Something absolutely rational is not determinable by us, since it is that from which all possibility itself depends upon.

   Something absolutely irrational is something conceived such that it is entirely determined.  For something to be entirely determined requires that we cannot think of any other possibility for the thing that is either not already understood in it, or is contradictory to it.  (It is impossible - for us - to determine any particular so precisely.)
   I also add the notion of relatively rational, which is how we actually think objects in our finite way.  In this case we have outstanding possibilities which we can think concerning the things which we can think of as determined, but are unknown to us.
   As an additional note, I am thinking 'rational' and 'irrational' here as relating back to the Greek 'logos' (discourse), and not to 'nous' (mind).  This is very important, and I will spend the rest of this post detailing how it is important that 'discourse' is given a central role in this.  (I am understanding 'logos' with an etymological significance of 'gathering'.)
   Generally, I will think of discourse in terms of the manner in which we speak of things.  When we have more and more precise discourse, that is, more determined discourse, we find that it is less and less rational since the terms have more and more narrow uses the more we try to constrain them.  In human discourse, through language, we must necessarily think certain determinations through what we say, and so human discourse is already relatively irrational (in different degrees).
   Pure logical notation is very rational precisely because it minimally determines particulars, and for merely this reason.  A discourse which tries to speak about particulars, such as a first hand description or historical chronicle, are less rational, since they become more and more particular as to how the objects in the discourse are determined.  
   As a discourse becomes less rational, the possibility of contradictions multiply, and the more rational the discourse the fewer possible contradictions.
   When we think of 'God' we are thinking of something that is absolutely rational, and so something we cannot capture in discourse since all discourse must be determinate in at least some manner.  We are also thinking of an extreme which stands as an opposite to all contradiction, since with the absolutely rational no contradiction is possible.  It is interesting and needful to distinguish this kind of opposition to contradiction from what it means when we say other things can't contradict themselves, for example, when we say that what exists never contradicts itself.
   When we say that existence contains no contradictions, we do so while being able to think of alternate possible realities which do contradict what is.  However, with the absolutely rational, which we cannot actually think, we can at least negatively say that we could conceive of no other possibility since it is that which is compatible with the whole realm of  possibilities - even those which we cannot conceive of except for negatively.

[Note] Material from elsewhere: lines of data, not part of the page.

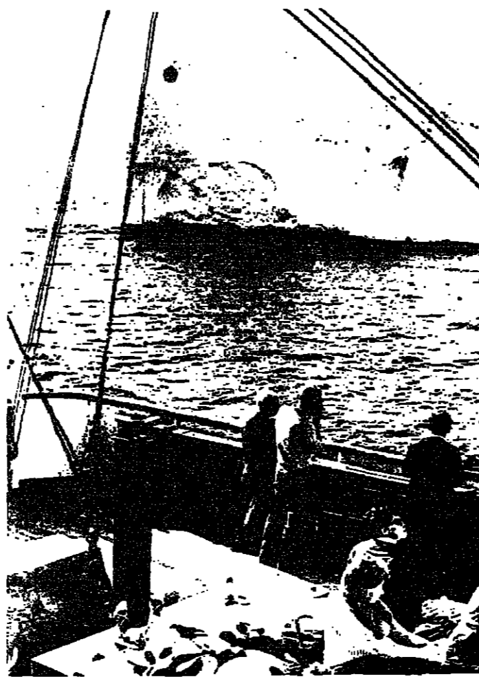
يواصل العلماء أبحاثهم بالقرب من جبال الجليد في مياه جرينلاند

يعلن مجلس المناقصات عن طرح مناقصة لإنشاء مساكن عمال البلدية - يمكن المتداولين من الدرجة الأولى والثانية فقط الحصول على مستندات الشروط والمواصفات من مكاتب وزارة الأشغال العامة في مسقط أثناء أوقات الدوام حتى ٧-٣-١٩٧٨ مقابل عشرين ريالا للسخة - يجب وضع العروض بصندوق المناقصات بمحافظة العاصمة مسقط - قبل الساعة العاشرة من صباح يوم الثلاثاء الموافق ١٤-٣-١٩٧٨ - رئيس مجلس المناقصات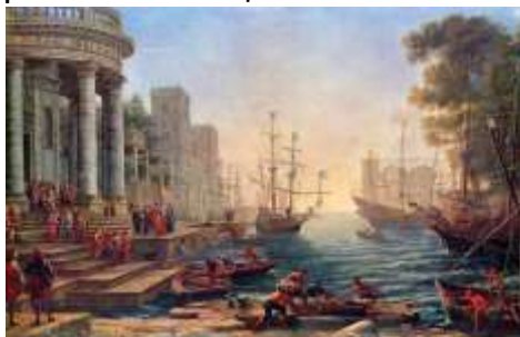
Клод Лоррен «Отплытие святой Урсулы»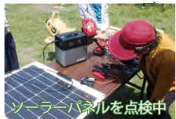
ソーラーパネルを点検中

○そして、お互いの顔が分かることそのものが安全安心、不安解消に繋がるんだらうなと改めて感じます。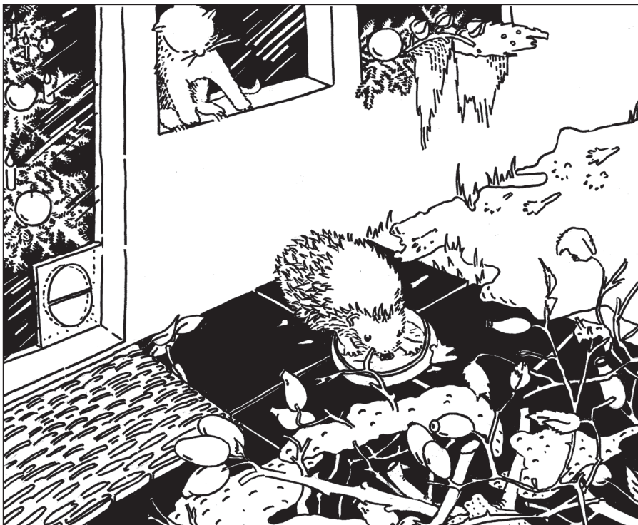
Illustration: Verena Meier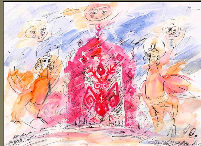
Рождение 1, бум\акв, 21 X 29, 2006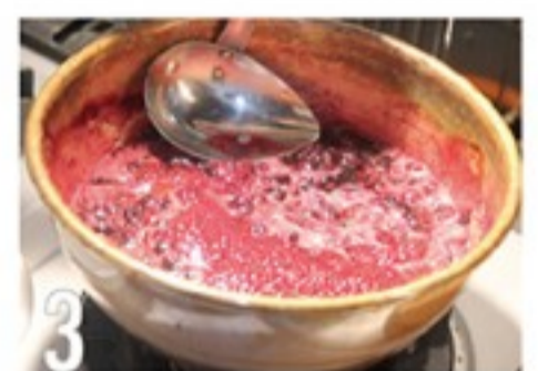
3 レモン汁を加え、あくが出てきたらいいにすくう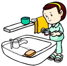
1. 칫솔에 치약 짜기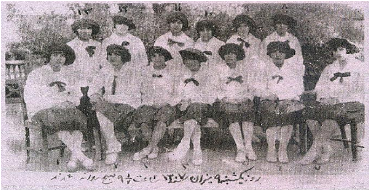
1307'de Amanullah tarafından Türkiye'ye gönderilen kız öğrenciler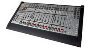
VADIS D.C.II [2000]

在业务扩展的背景下，KLOTZ DIGITAL 澳大利亚公司成立 奥林匹克运动会，悉尼 广东省广播电台，中国 XM卫星广播电台，美国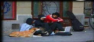
Como te ven tus padres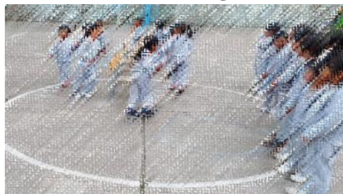
EL BAILE DE LA SILLA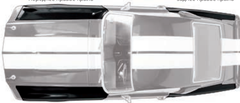
Переднее правое крыло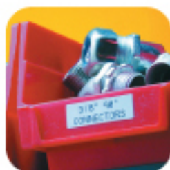
Этикетки на ящиках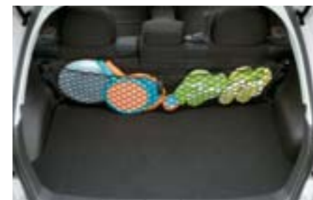
60 Síťka pro přepravu zavazadel (na zadní stranu sedadel) F551SFG200 W Pro čistý a uklizený nákladový prostor. Perfektní doplněk pro přepravu nákladu.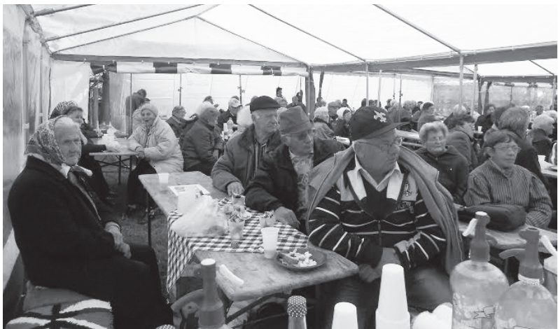
A Libás Tanya adott otthont a nyugdíjas találkozóknak

Egy évvel ezelőtt pattant ki az ötlet az intézményvezető asszony fejéből, hogy jó lenne egy megye szintű Nyugdíjas találkozót szervezni a Libás Tanyán.

Some Random Historical Comments:
   Plato's conception of forms as being the most perfect should not be understood in terms of the absolutely irrational, or totally determined, but in terms of the the absolutely rational or indeterminate.

   This discourse seems helpful for understanding Leibniz' insistence on the importance of possibles, and perhaps can provide some clarity for how he conceives of God as related to all of the possibles, since even for God there are more possibilities.  This is in contrast to Spinoza, where everything follows from Gods nature, and so there is only one possible way things can be, which means that there is no absolutely rational thing in the sense developed above in relation to God.

   Kant's understanding of noumena, or the problematic, would be that which is the most rational, but by being the most rational it is undeterminable by us while being exactly what our reason strives for.

   We can see man, as the rational animal, in terms of being the animal who has less specifically determined about him, and so this definition from Aristotle can be seen as very similar to Nietzsche's own, that we are the hitherto undetermined animal.

   For Hegel, the difference between being and nothing seems to be between the absolutely rational and irrational.